Foreign Correspondent – 20/03/2002: Interview with Martin van Creveld:
Reporter: Jennifer Byrne
“Professor Martin van Creveld, of the Hebrew University of Jerusalem is Israel’s most prominent military historian. In this interview with Jennifer Byrne he claims that despite the recent increase in Israel’s military operations, the huge Israeli defence forces will inevitably lose to the Palestinians.
Byrne: Thanks for joining us tonight on Foreign Correspondent. How has it come to this, Martin… how is it that the mighty Israeli army – one of the world’s most powerful – with its helicopter gunships, with its tanks, with it’s missiles, can be losing to this relatively small, relatively under-armed if fanatical group of Palestinians?
Van Creveld: The same thing has happened to the Israeli army as happened to all the rest that have tried over the last sixty years. Basically it’s always a question of the relationship of forces. If you are strong, and you are fighting the weak for any period of time, you are going to become weak yourself. If you behave like a coward then you are going to become cowardly – it’s only a question of time. The same happened to the British when they were here… the same happened to the French in Algeria… the same happened to the Americans in Vietnam… the same happened to the Soviets in Afghanistan… the same happened to so many people that I can’t even count them.”
Then a little later he makes this point:
“Van Creveld: No.
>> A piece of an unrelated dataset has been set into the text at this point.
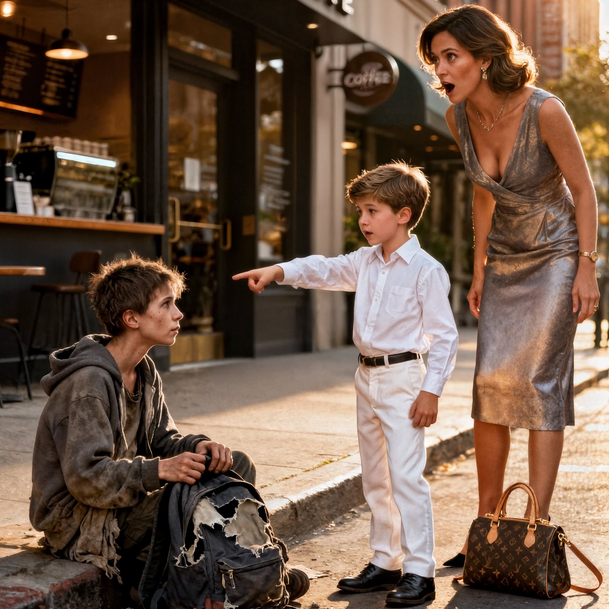 Aan de overkant van de straat, vlakbij de hoek van een bakker, zat een jongetje ineengedoken onder een kapotte paraplu. Zijn kleren waren doorweekt, zijn haar zat in de klit en plakte aan elkaar. Hij at wat er nog over was in een weggegooid broodpapiertje. Ondanks het vuil was er iets aan hem dat vreemd vertrouwd was: dezelfde diepbruine ogen, dezelfde kuiltjes in zijn kin, dezelfde zachte welving van zijn mond.

There is one thing that can be done – and that is to put and end to the situation whereby we are the strong fighting the weak, because that is the most stupid situation in which anybody can be.
Byrne: And how do you do that?
Van Creveld: Exactly. How do you do that. You do that by A, waiting for a suitable opportunity… B, doing whatever it takes to restore the balance of power between us and the Palestinians… C, removing 90% of the causes of the conflict, by pulling out… and D, building a wall between us and the other side, so tall that even the birds cannot fly over it…. so as to avoid any kind of friction for a long long time in the future. ”
Maybe it is time they tried a wall? It worked for Berlin for quite a while.